● Source data:
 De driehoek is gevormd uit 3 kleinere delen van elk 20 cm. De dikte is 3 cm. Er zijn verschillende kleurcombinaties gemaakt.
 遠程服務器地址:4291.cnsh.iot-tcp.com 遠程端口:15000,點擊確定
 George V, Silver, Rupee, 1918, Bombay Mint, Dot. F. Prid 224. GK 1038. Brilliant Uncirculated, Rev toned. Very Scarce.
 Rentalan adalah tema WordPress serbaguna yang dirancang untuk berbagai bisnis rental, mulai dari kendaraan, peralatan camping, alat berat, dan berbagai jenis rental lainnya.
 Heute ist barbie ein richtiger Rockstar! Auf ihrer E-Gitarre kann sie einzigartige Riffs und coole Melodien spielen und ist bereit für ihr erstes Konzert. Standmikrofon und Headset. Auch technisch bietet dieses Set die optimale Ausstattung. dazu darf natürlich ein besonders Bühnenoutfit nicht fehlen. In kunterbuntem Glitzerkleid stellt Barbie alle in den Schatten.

==

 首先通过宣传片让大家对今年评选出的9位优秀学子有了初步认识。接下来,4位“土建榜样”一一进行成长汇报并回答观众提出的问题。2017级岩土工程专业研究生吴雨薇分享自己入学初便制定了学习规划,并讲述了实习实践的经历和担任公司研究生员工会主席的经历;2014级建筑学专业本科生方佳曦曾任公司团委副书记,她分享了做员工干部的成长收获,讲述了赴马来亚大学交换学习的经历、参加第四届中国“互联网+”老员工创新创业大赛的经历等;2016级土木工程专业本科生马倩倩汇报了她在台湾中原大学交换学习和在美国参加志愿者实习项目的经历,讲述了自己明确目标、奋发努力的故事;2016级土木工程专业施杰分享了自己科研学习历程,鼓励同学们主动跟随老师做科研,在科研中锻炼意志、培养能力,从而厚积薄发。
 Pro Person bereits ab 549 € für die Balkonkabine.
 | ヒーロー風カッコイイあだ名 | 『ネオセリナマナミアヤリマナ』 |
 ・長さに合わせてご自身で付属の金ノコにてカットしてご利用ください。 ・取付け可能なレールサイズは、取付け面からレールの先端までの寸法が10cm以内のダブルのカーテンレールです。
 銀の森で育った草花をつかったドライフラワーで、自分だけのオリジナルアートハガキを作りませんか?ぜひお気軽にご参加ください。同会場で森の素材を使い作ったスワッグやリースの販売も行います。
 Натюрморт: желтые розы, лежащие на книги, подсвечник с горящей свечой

● Task goal:
Only the lines above from the line with "首先通过宣传片让大家对今年评" to the line with "Натюрморт: желтые розы, лежащие", those two lines included, should be reproduced exactly.

● The answer:
 首先通过宣传片让大家对今年评选出的9位优秀学子有了初步认识。接下来,4位“土建榜样”一一进行成长汇报并回答观众提出的问题。2017级岩土工程专业研究生吴雨薇分享自己入学初便制定了学习规划,并讲述了实习实践的经历和担任公司研究生员工会主席的经历;2014级建筑学专业本科生方佳曦曾任公司团委副书记,她分享了做员工干部的成长收获,讲述了赴马来亚大学交换学习的经历、参加第四届中国“互联网+”老员工创新创业大赛的经历等;2016级土木工程专业本科生马倩倩汇报了她在台湾中原大学交换学习和在美国参加志愿者实习项目的经历,讲述了自己明确目标、奋发努力的故事;2016级土木工程专业施杰分享了自己科研学习历程,鼓励同学们主动跟随老师做科研,在科研中锻炼意志、培养能力,从而厚积薄发。
 Pro Person bereits ab 549 € für die Balkonkabine.
 | ヒーロー風カッコイイあだ名 | 『ネオセリナマナミアヤリマナ』 |
 ・長さに合わせてご自身で付属の金ノコにてカットしてご利用ください。 ・取付け可能なレールサイズは、取付け面からレールの先端までの寸法が10cm以内のダブルのカーテンレールです。
 銀の森で育った草花をつかったドライフラワーで、自分だけのオリジナルアートハガキを作りませんか?ぜひお気軽にご参加ください。同会場で森の素材を使い作ったスワッグやリースの販売も行います。
 Натюрморт: желтые розы, лежащие на книги, подсвечник с горящей свечой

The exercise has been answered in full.